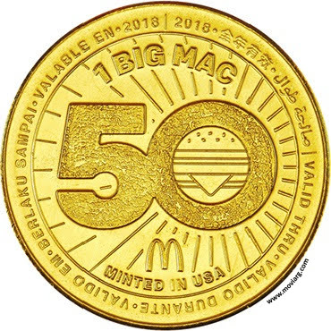 Anverso: 1978 - 1988 Reverso: 1 BIG MAC / MINTED IN USA. Exergo: VALID THRU · VÁLIDO DURANTE · VÁLIDO EM · BERLAKU SAMPAI · VALABLE EN · 2018 | 2018 Canto: Estriado Recto Referencia: | |
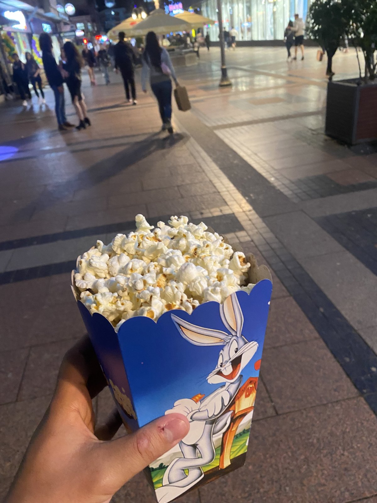 Po 15 minutách chůze po nábřeží jsem dorazil do centra, kde bylo opravdu živo (bylo úterý). Koupil si popcorn za 100 RSD a pokračoval do ubytování.
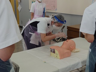 指導を受けた後、ひとり一人の学生が人形を使った喀痰吸引の技術を学びました。
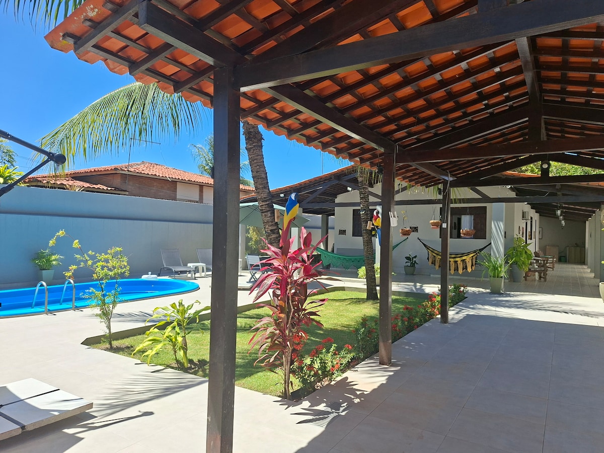 Relaxe com toda a família ou amigos nesta acomodação tranquila na praia de Tabuba/Alagoas. Casa com piscina, Jardim, churrasqueira, reformada, lindamente decorada a 200 metros da praia, com 3 dormitórios sendo 1 suite com cama King, mais 2 dormitórios com cama Queen, cozinha integrada com a sala, mais 1 cozinha externa. Ar condicionado nós três quartos, boa ventilação, banheiro social amplo , 2 banheiros completos externos, chuveirão. Obs: Temos Colchão casal e solteiro caso seja necessário.
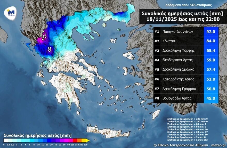 Σύμφωνα με δίκτυο αυτόματων μετεωρολογικών σταθμών του Εθνικού Αστεροσκοπείου Αθηνών / Meteo.gr τα μεγαλύτερα ύψη βροχής καταγράφηκαν στην Ήπειρο, όπως αποτυπώνεται στη χρωματική κλίματα του χάρτη, με το μεγαλύτερο ύψος βροχής μέχρι και τις 22:00 ώρα Ελλάδας να καταγράφεται στο Πάπιγκο Ιωαννίνων με 92.0 mm.
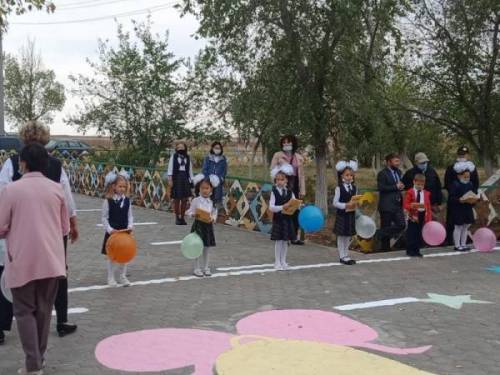 Сегодня в нашей школе прошла торжественная линейка, посвящённая первому звонку для учащихся первых классов: " Кел, балалар, оқылык".
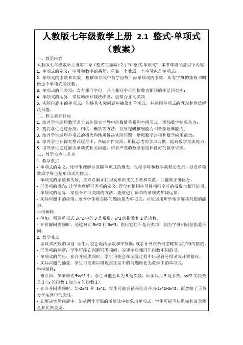 2.1 整式(单项式)-人教版七年级数学上册导学案1. 学习目标•了解整式的概念和特点;•理解单项式的定义和简化方法;•能够根据给定的单项式进行化简和展开。
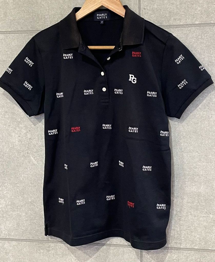 - 夏本番! PEARLY GATES パーリーゲイツ 速乾性 .半袖 ポロシャツ 総柄 ロゴ刺繍 ネイビー系 2サイズ レディース ゆうパケ可 ◯ 新規×
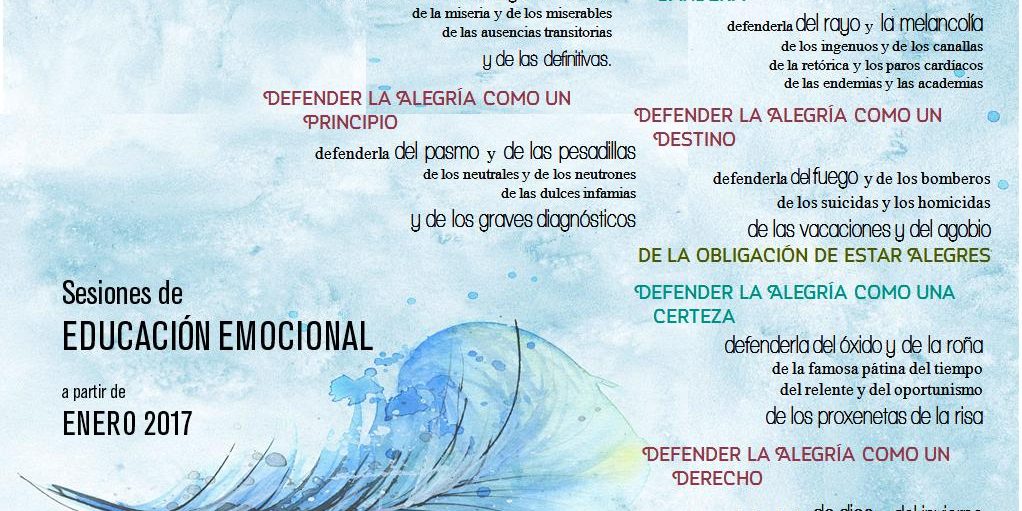 Nov192016Educación EmocionalPróximas Actividades Categories: Educación Emocional, Próximas ActividadesBy Sandra Camas19 de noviembre de 2016Leave a commentTags: educación emocionalpoemapromocióntalleres Author: Sandra Camas Post navigationPreviousPrevious post:Taller «La Danza del Corazón»NextNext post:FELIZ NAVIDAD al estilo Centro de Relaciones InterpersonalesRelated PostsCINCO LENGUAJES PARA LA AFECTIVIDAD6 de junio de 2017Símbolos de nuestros pensamientos31 de mayo de 2017Identificación de pensamientos en clave de humor.13 de mayo de 2017Emo-cognición: Cómo nos hablamos de nuestras emociones.29 de abril de 2017«Necesitamos Emocionólogos».16 de febrero de 2017¡JUEGO! E-MOVERE. La emoción es movimiento.12 de febrero de 2017
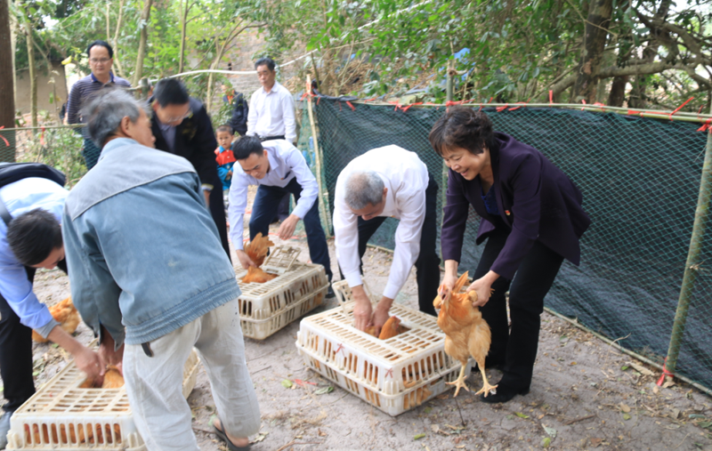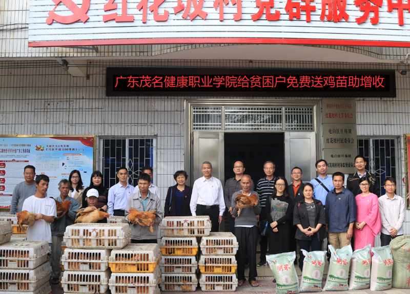 为深入学习贯彻习近平新时代中国特色社会主义思想、巩固“不忘初心、牢记使命”主题教育成效,12月23日下午,beat365中国唯一官方网站党委书记余义才、院长梁德萍一行在电白区旦场镇副镇长黄永泽的陪同下,深入电白区旦场镇红花坡村调研精准扶贫工作,为贫困户送上2.4万元鸡苗。
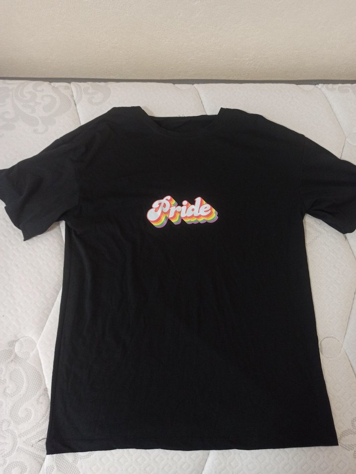 Kadınlar için kısa kollu, yuvarlak yakalı ve bol kesim tişört. Sentetik kumaştan yapılmış, koyu renkli ve çok renkli "Pride" baskılı, günlük veya parti için uygun.
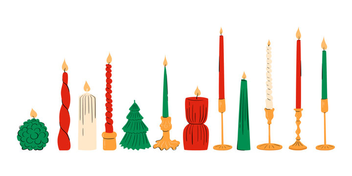 Elegant holiday candle collection. Festive taper candles and Christmas decorative candles. A large, cozy candle collection. Home decor items.
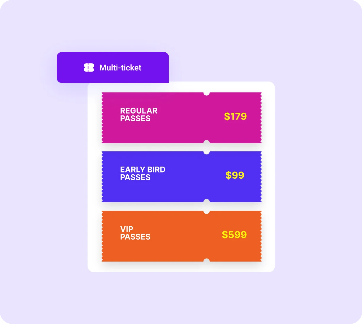 Create as many ticket tiers as your event needs: General Admission, VIP, and Early Bird. Each ticket can have its own price, quantity, and sale period. Manage everything from one dashboard and adjust your ticket strategy anytime without affecting your event structure.

» **Your task**:
Everything in the entries above, apart from the images, should be printed exactly.

» **Worked solution**:
 Anverso: 1978 - 1988 Reverso: 1 BIG MAC / MINTED IN USA. Exergo: VALID THRU · VÁLIDO DURANTE · VÁLIDO EM · BERLAKU SAMPAI · VALABLE EN · 2018 | 2018 Canto: Estriado Recto Referencia: | |
 Po 15 minutách chůze po nábřeží jsem dorazil do centra, kde bylo opravdu živo (bylo úterý). Koupil si popcorn za 100 RSD a pokračoval do ubytování.
 指導を受けた後、ひとり一人の学生が人形を使った喀痰吸引の技術を学びました。
 Relaxe com toda a família ou amigos nesta acomodação tranquila na praia de Tabuba/Alagoas. Casa com piscina, Jardim, churrasqueira, reformada, lindamente decorada a 200 metros da praia, com 3 dormitórios sendo 1 suite com cama King, mais 2 dormitórios com cama Queen, cozinha integrada com a sala, mais 1 cozinha externa. Ar condicionado nós três quartos, boa ventilação, banheiro social amplo , 2 banheiros completos externos, chuveirão. Obs: Temos Colchão casal e solteiro caso seja necessário.
 Σύμφωνα με δίκτυο αυτόματων μετεωρολογικών σταθμών του Εθνικού Αστεροσκοπείου Αθηνών / Meteo.gr τα μεγαλύτερα ύψη βροχής καταγράφηκαν στην Ήπειρο, όπως αποτυπώνεται στη χρωματική κλίματα του χάρτη, με το μεγαλύτερο ύψος βροχής μέχρι και τις 22:00 ώρα Ελλάδας να καταγράφεται στο Πάπιγκο Ιωαννίνων με 92.0 mm.
 Сегодня в нашей школе прошла торжественная линейка, посвящённая первому звонку для учащихся первых классов: " Кел, балалар, оқылык".
 2.1 整式(单项式)-人教版七年级数学上册导学案1. 学习目标•了解整式的概念和特点;•理解单项式的定义和简化方法;•能够根据给定的单项式进行化简和展开。
 - 夏本番! PEARLY GATES パーリーゲイツ 速乾性 .半袖 ポロシャツ 総柄 ロゴ刺繍 ネイビー系 2サイズ レディース ゆうパケ可 ◯ 新規×
 Nov192016Educación EmocionalPróximas Actividades Categories: Educación Emocional, Próximas ActividadesBy Sandra Camas19 de noviembre de 2016Leave a commentTags: educación emocionalpoemapromocióntalleres Author: Sandra Camas Post navigationPreviousPrevious post:Taller «La Danza del Corazón»NextNext post:FELIZ NAVIDAD al estilo Centro de Relaciones InterpersonalesRelated PostsCINCO LENGUAJES PARA LA AFECTIVIDAD6 de junio de 2017Símbolos de nuestros pensamientos31 de mayo de 2017Identificación de pensamientos en clave de humor.13 de mayo de 2017Emo-cognición: Cómo nos hablamos de nuestras emociones.29 de abril de 2017«Necesitamos Emocionólogos».16 de febrero de 2017¡JUEGO! E-MOVERE. La emoción es movimiento.12 de febrero de 2017
 为深入学习贯彻习近平新时代中国特色社会主义思想、巩固“不忘初心、牢记使命”主题教育成效,12月23日下午,beat365中国唯一官方网站党委书记余义才、院长梁德萍一行在电白区旦场镇副镇长黄永泽的陪同下,深入电白区旦场镇红花坡村调研精准扶贫工作,为贫困户送上2.4万元鸡苗。
 Kadınlar için kısa kollu, yuvarlak yakalı ve bol kesim tişört. Sentetik kumaştan yapılmış, koyu renkli ve çok renkli "Pride" baskılı, günlük veya parti için uygun.
 Elegant holiday candle collection. Festive taper candles and Christmas decorative candles. A large, cozy candle collection. Home decor items.
 Create as many ticket tiers as your event needs: General Admission, VIP, and Early Bird. Each ticket can have its own price, quantity, and sale period. Manage everything from one dashboard and adjust your ticket strategy anytime without affecting your event structure.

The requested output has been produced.